I risultati e i benefici a livello sociale e ambientale ottenuti con il rispetto di questa normativa sono misurabili, ad esempio, nella rimozione degli ftalati dai giocattoli, del Piombo e del Nichel dai gioielli. Resta affannoso il movimento di quelle aziende che si districano tra le direttive esistenti, perché, commenta la Carfì, “paghiamo un po’ lo scotto di avere questa normativa, il resto del mondo non ce l’ha”.
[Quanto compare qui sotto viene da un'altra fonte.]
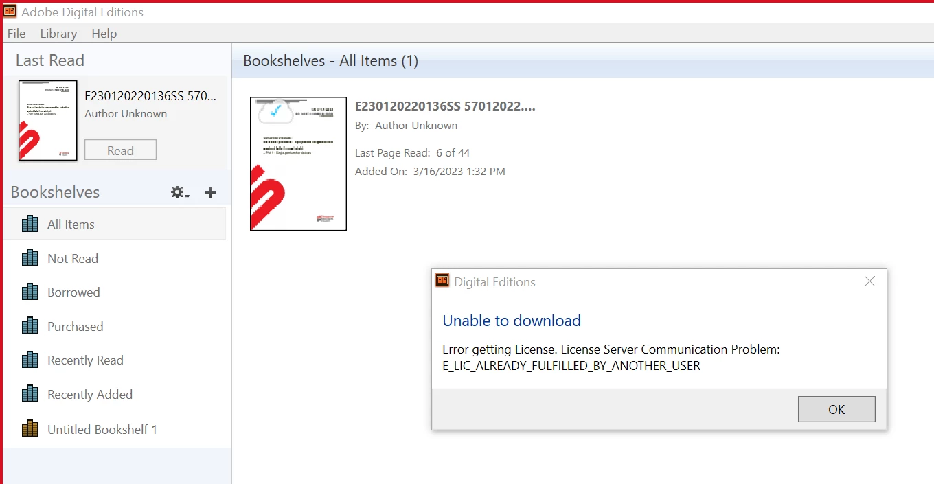 While opening the document in Adobe Digital Editions 4.5.11 getting below error. How to resolve this error?

In questo modo si punta a individuare le migliori misure per il trattamento delle sostanze chimiche, soprattutto delle sostanze pericolose, anche se non sono ancora state individuate tutte quelle esistenti: Gli stati membri stanno indagando sulla pericolosità di alcune sostanze e ne hanno limitato l’uso in prodotti a rischio, come pneumatici o giocattoli. Quelle estremamente preoccupanti - sostanze cancerogene, mutagene e tossiche per la riproduzione, sostanze persistenti e bioaccumulabili o che vanno ad incidere sul sistema endocrino - vengono via via inserite nell’Allegato XIV e per usarle occorre presentare una domanda di autorizzazione all’uso molto costosa.

Come funziona

I produttori e gli importatori che in uno anno immettono in Europa più di una tonnellata di sostanze chimiche hanno l’obbligo di ricavare informazioni su usi, tossicità e pericolo ambientale. I dati raccolti in un fascicolo devono essere inviati telematicamente tramite il portale REACH-IT all’Agenzia europea per le sostanze chimiche-ECHA. Per chi supera le 10 ton c’è, inoltre, l’obbligo di produrre un rapporto sulla sicurezza chimica, dimostrando che l’esposizione di lavoratori, consumatori e ambiente dovuta all’uso di tali sostanze è al di sotto della soglia di pericolo. Gli impieghi per i quali non è possibile dimostrare la sicurezza devono essere controindicati. Qui entra in gioco il fattore collaborazione per ridurre al massimo la necessità di test sugli animali: produttori e importatori della stessa sostanza chimica devono fare una trasmissione congiunta del fascicolo all’ECHA. In questo modo solo un’azienda, detta “dichiarante capofila”, condurrà i test e invierà il fascicolo completo con i dati mentre le altre, solitamente di minori dimensioni, si appoggeranno sul test condotto e pagheranno solo una quota per la condivisione dei dati, sotto forma di una lettera d’accesso.